A Home Depot bucket at a Home Depot store in Hercules, California, on Feb. 22, 2021.
David Paul Morris | Bloomberg | Getty Images
Home Depot on Tuesday said quarterly sales declined nearly 3% 12 months over 12 months, however it surpassed Wall Street’s earnings and revenue expectations despite the cooler demand.
On a call with CNBC, Chief Financial Officer Richard McPhail said demand dipped all year long as consumers returned to more typical spending patterns. He added that falling lumber prices and rising rates of interest hurt the business.
Home Depot now sees a likelihood to return to growth, McPhail said.
“Our market is on its way back to normal demand conditions,” he said. “We’re not quite there yet, however the pressures we saw in 2023 are receding.”
The house improvement retailer said it expects total sales to grow about 1% in fiscal 2024, which incorporates a further week. That compares with a 1.6% increase expected by Wall Street, based on StreetAccount. Nonetheless, Home Depot said it expects comparable sales, which take out the effect of store openings and closures, to say no about 1% during a period without the extra week.
Home Depot anticipates it’ll open a few dozen recent stores over the 12 months.
Here’s what the corporate reported for the three-month period that ended Jan. 28 compared with what Wall Street expected, based on a survey of analysts by LSEG, formerly Refinitiv:
- Earnings per share: $2.82 vs. $2.77 expected
- Revenue: $34.79 billion vs. $34.64 billion expected
Net income for the fiscal fourth quarter fell to $2.80 billion, or $2.82 per share, from $3.36 billion, or $3.30 per share, a 12 months earlier.
Net sales decreased from $35.83 billion within the year-ago period.
Home Depot shares fell barely during early trading Tuesday after the corporate shared its quarterly results and outlook.
Slowdown from pandemic boom
Home Depot has faced a tougher sales backdrop over the past 12 months. The house improvement retailer is following a greater than two-year period when Americans had more money and time to spend on painting and fixing up their homes throughout the Covid-19 pandemic.
About half of Home Depot’s business comes from home professionals and about half comes from do-it-yourself shoppers.

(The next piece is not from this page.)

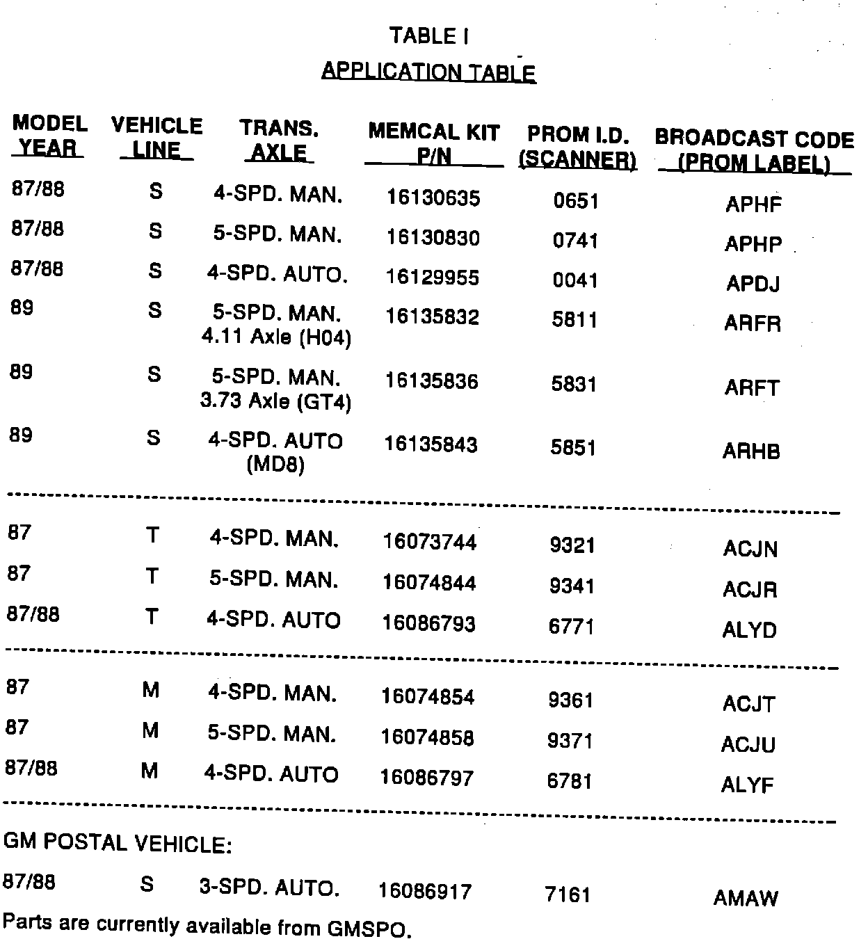 Model and Year: 1987-88 T, M TRUCK AND GM POSTAL VEHICLES WITH 2.5L ENGINE 1987-89 S TRUCK WITH 2.5L ENGINE
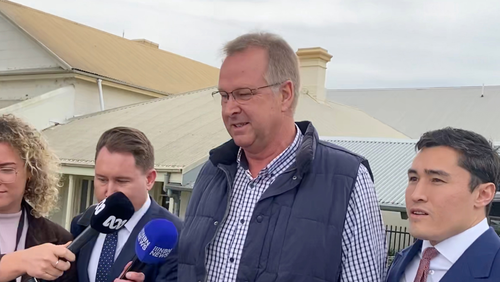 Accused chicken killer Peter Smith (centre) with his defence lawyer Bryan Wrench (right) outside Raymond Terrace Local Court. (Mark Russell/AAP)

Over the past 12 months, McPhail and CEO Ted Decker described 2023 as “a 12 months of moderation” after the outsize gains throughout the pandemic. On an earnings call Tuesday, Decker compared the pandemic to a “giant hurricane” that created an unusual period of demand.
Home Depot has also felt a pullback in consumer spending, particularly on big-ticket items, as some families postpone discretionary purchases due to inflation, postpone buying a recent home because of upper rates of interest or decide to spend on experiences moderately than goods.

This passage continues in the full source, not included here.